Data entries
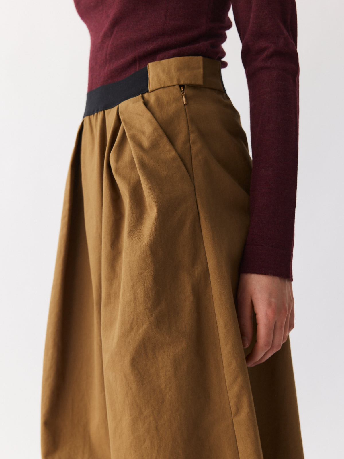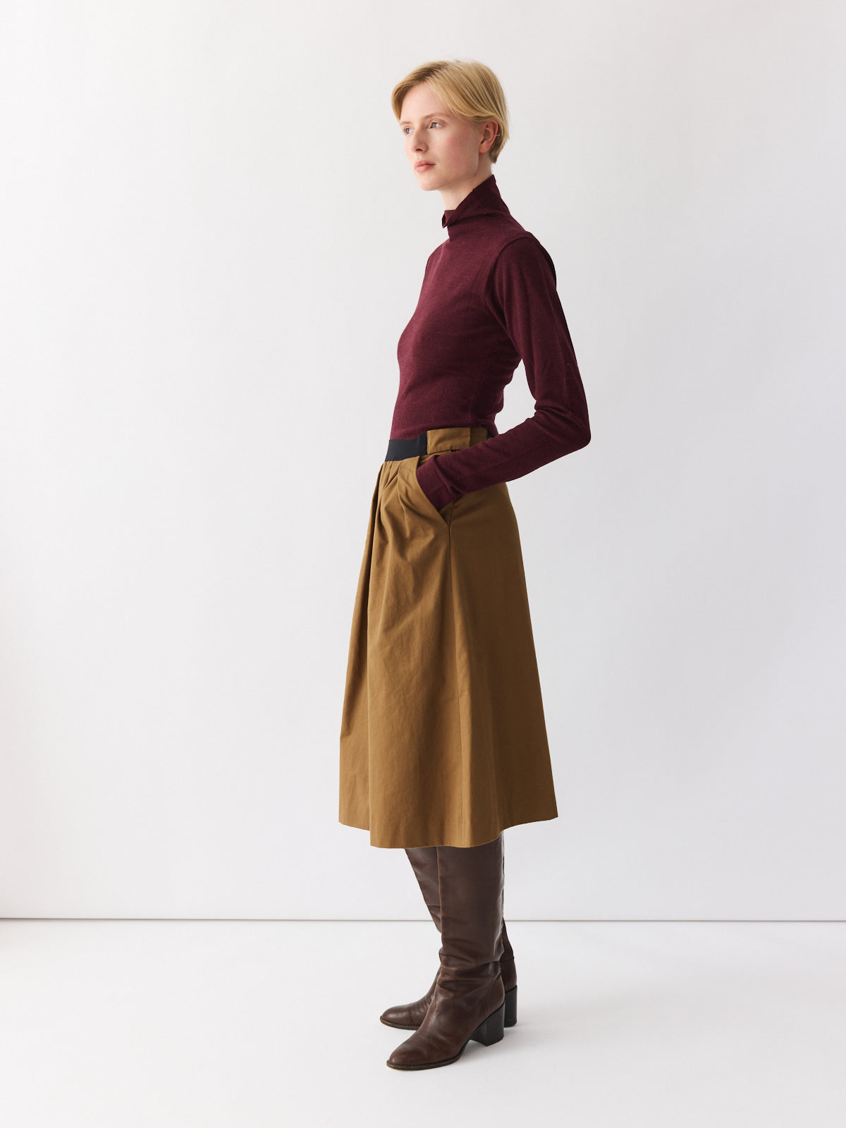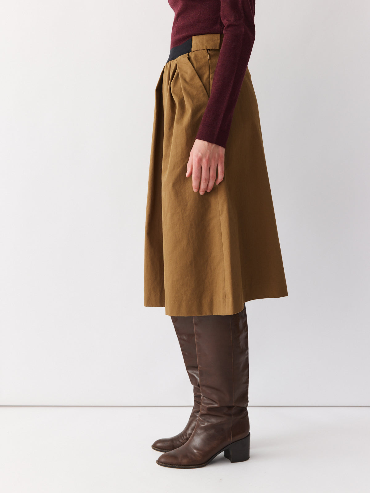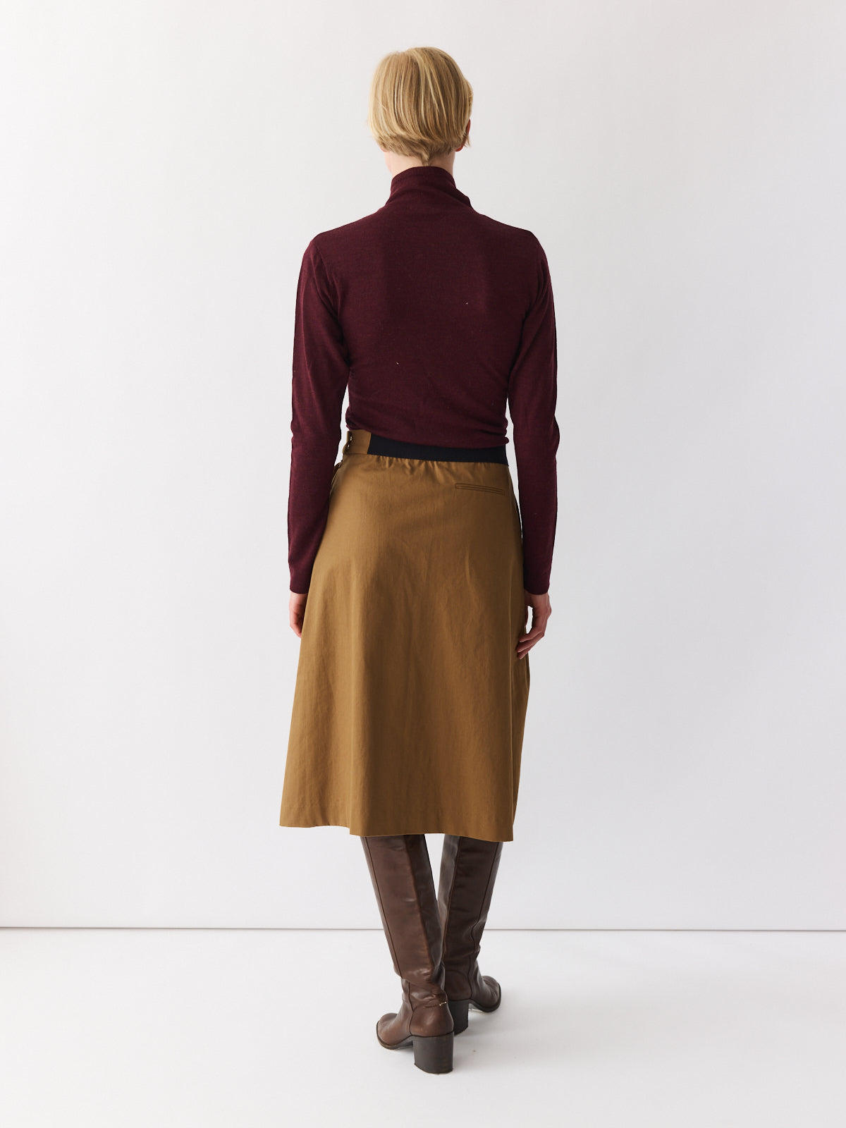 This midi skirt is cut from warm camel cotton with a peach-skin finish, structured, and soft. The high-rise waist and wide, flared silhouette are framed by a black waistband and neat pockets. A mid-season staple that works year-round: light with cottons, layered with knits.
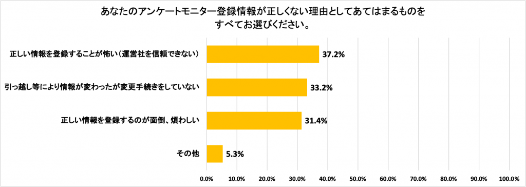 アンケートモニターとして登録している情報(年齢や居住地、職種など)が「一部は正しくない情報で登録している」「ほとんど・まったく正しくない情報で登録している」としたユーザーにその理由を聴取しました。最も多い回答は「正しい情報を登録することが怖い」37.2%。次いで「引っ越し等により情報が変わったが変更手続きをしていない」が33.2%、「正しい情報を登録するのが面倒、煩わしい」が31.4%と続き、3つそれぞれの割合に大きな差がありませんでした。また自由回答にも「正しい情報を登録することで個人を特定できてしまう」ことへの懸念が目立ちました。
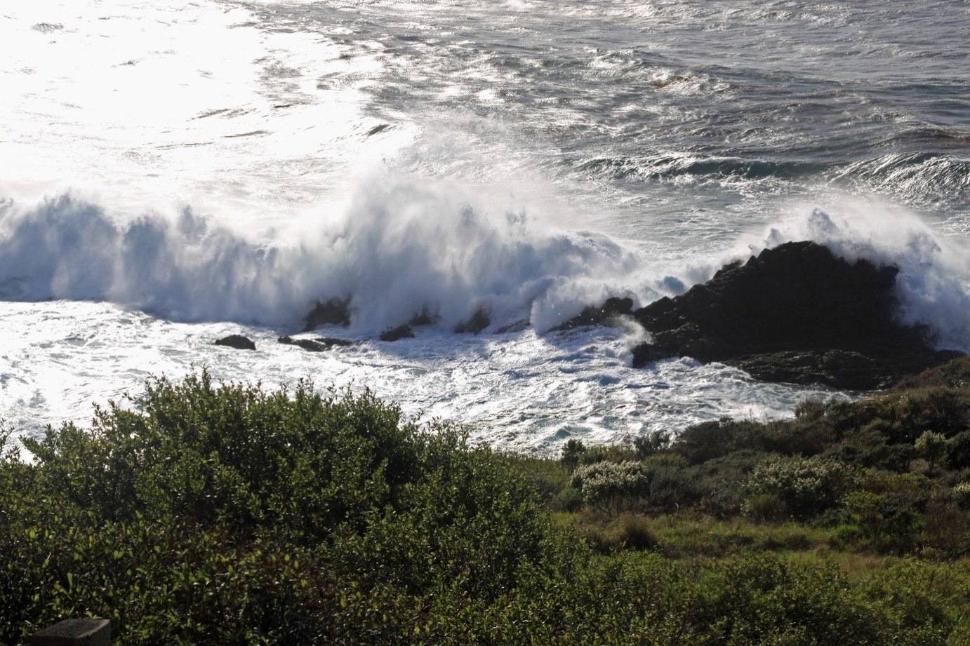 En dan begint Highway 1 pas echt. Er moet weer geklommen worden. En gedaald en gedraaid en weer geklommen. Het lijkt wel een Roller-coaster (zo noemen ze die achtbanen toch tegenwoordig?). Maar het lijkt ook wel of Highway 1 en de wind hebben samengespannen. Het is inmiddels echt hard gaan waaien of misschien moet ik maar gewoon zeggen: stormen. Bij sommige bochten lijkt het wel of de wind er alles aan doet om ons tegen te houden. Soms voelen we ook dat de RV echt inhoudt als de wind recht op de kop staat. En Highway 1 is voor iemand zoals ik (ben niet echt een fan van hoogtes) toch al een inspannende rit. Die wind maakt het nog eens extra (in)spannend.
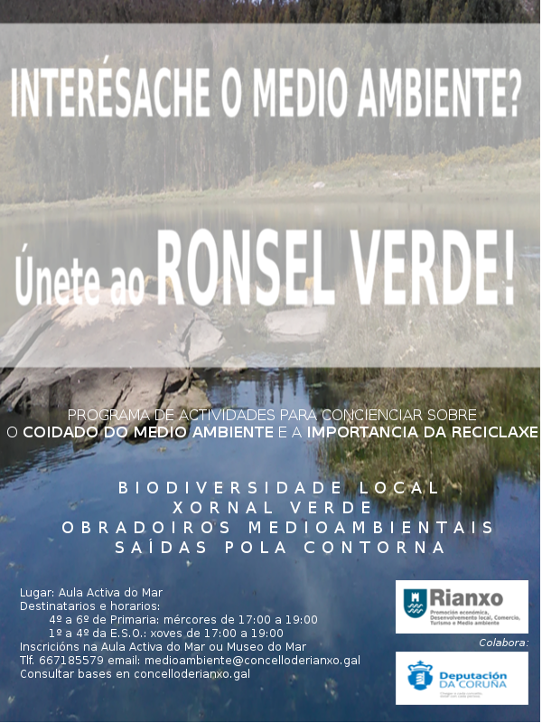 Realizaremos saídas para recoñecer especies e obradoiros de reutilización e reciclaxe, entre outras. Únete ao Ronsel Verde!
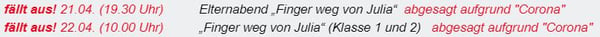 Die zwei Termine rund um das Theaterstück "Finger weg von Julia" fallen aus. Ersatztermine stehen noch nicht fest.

* What to do *
Could you set down the records above word for word, without any of the pictures?

* Problem solution *
 This midi skirt is cut from warm camel cotton with a peach-skin finish, structured, and soft. The high-rise waist and wide, flared silhouette are framed by a black waistband and neat pockets. A mid-season staple that works year-round: light with cottons, layered with knits.
 アンケートモニターとして登録している情報(年齢や居住地、職種など)が「一部は正しくない情報で登録している」「ほとんど・まったく正しくない情報で登録している」としたユーザーにその理由を聴取しました。最も多い回答は「正しい情報を登録することが怖い」37.2%。次いで「引っ越し等により情報が変わったが変更手続きをしていない」が33.2%、「正しい情報を登録するのが面倒、煩わしい」が31.4%と続き、3つそれぞれの割合に大きな差がありませんでした。また自由回答にも「正しい情報を登録することで個人を特定できてしまう」ことへの懸念が目立ちました。
 En dan begint Highway 1 pas echt. Er moet weer geklommen worden. En gedaald en gedraaid en weer geklommen. Het lijkt wel een Roller-coaster (zo noemen ze die achtbanen toch tegenwoordig?). Maar het lijkt ook wel of Highway 1 en de wind hebben samengespannen. Het is inmiddels echt hard gaan waaien of misschien moet ik maar gewoon zeggen: stormen. Bij sommige bochten lijkt het wel of de wind er alles aan doet om ons tegen te houden. Soms voelen we ook dat de RV echt inhoudt als de wind recht op de kop staat. En Highway 1 is voor iemand zoals ik (ben niet echt een fan van hoogtes) toch al een inspannende rit. Die wind maakt het nog eens extra (in)spannend.
 Realizaremos saídas para recoñecer especies e obradoiros de reutilización e reciclaxe, entre outras. Únete ao Ronsel Verde!
 Die zwei Termine rund um das Theaterstück "Finger weg von Julia" fallen aus. Ersatztermine stehen noch nicht fest.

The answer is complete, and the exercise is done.